What needs to be done:
A verbatim transcript of the data below is required, images omitted.

Data segment:
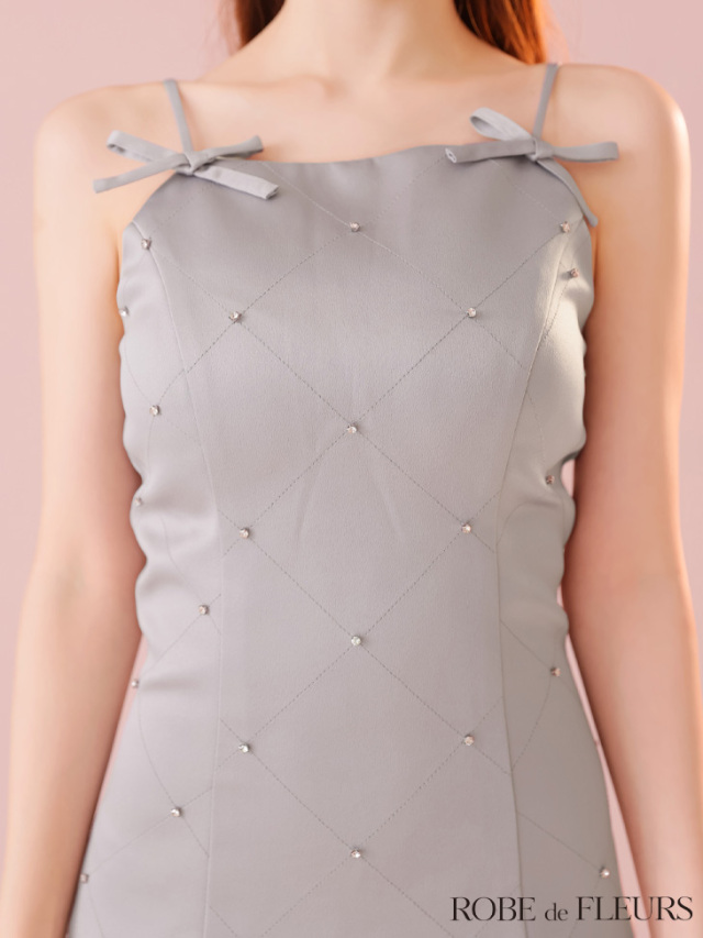艶感のあるサテン生地に、ビジューをちりばめた華やかな一着。
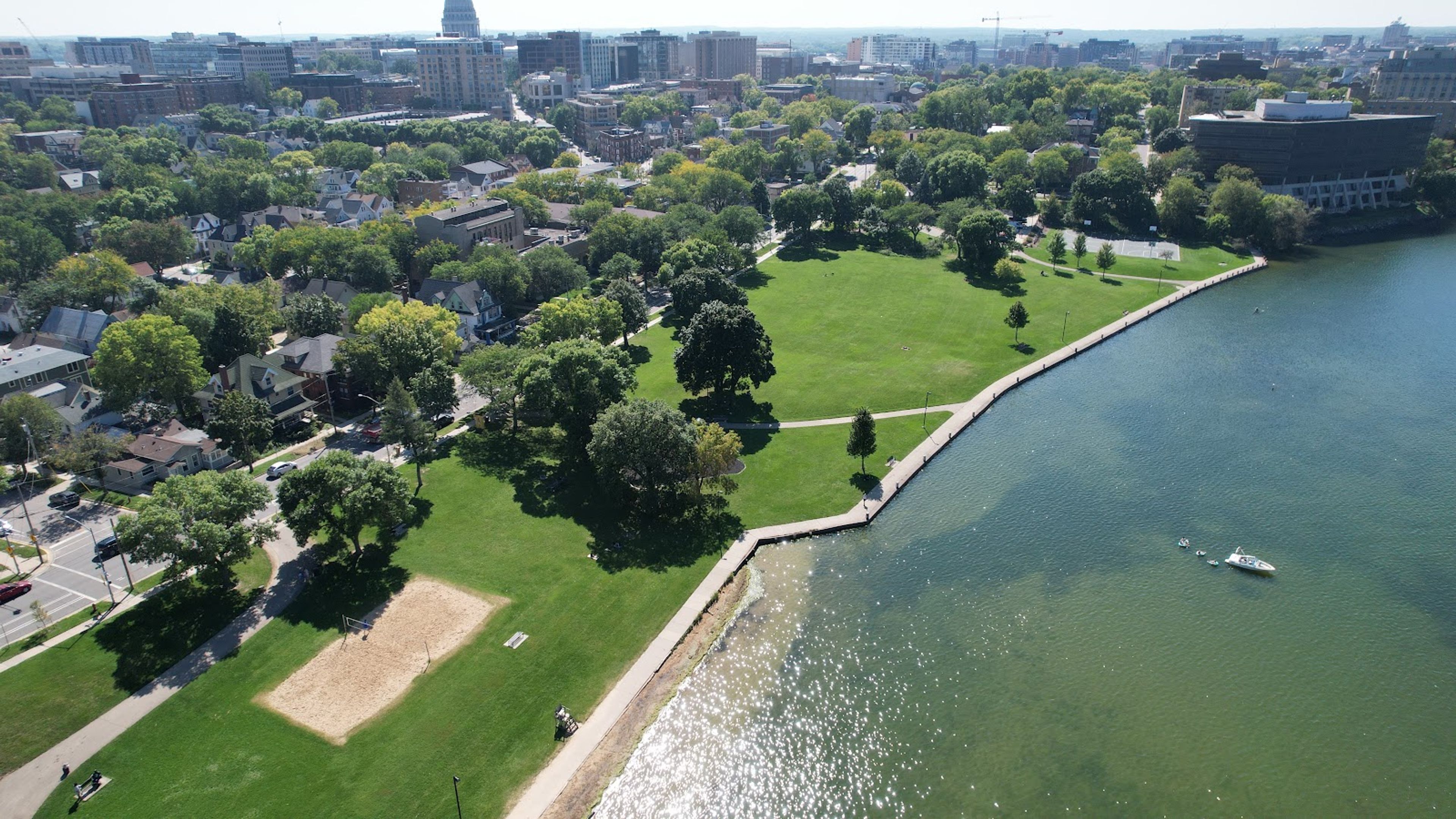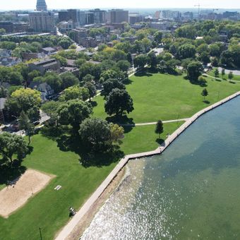 La plage James Madison s'étend le long du lac Mendota, offrant une zone sablonneuse pour la baignade et les activités récréatives.
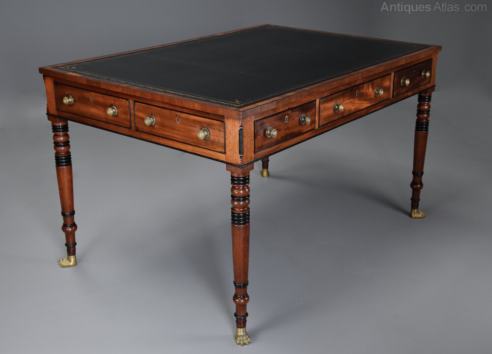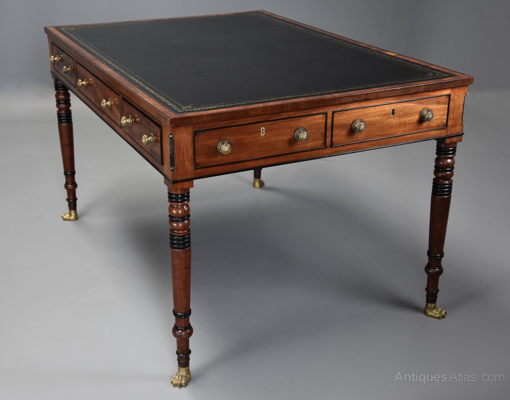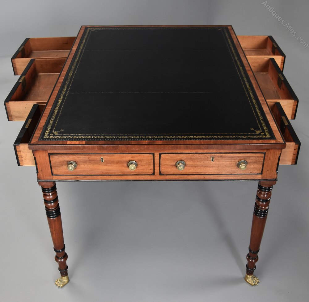 A large early 19th century Regency six drawer writing table of fine, faded patina (colour).
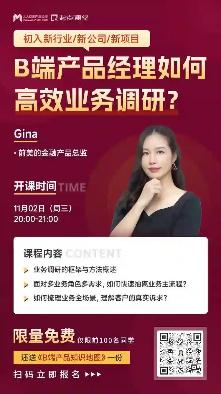 这是由起点课堂出品的B端产品公开课,专为正在做B端产品同学,或者对B端产品感兴趣想要了解相关工作内容的同学打造,课程将由前美的金融产品总监@Gina老师直播授课。

Your response:
艶感のあるサテン生地に、ビジューをちりばめた華やかな一着。
 La plage James Madison s'étend le long du lac Mendota, offrant une zone sablonneuse pour la baignade et les activités récréatives.
 A large early 19th century Regency six drawer writing table of fine, faded patina (colour).
 这是由起点课堂出品的B端产品公开课,专为正在做B端产品同学,或者对B端产品感兴趣想要了解相关工作内容的同学打造,课程将由前美的金融产品总监@Gina老师直播授课。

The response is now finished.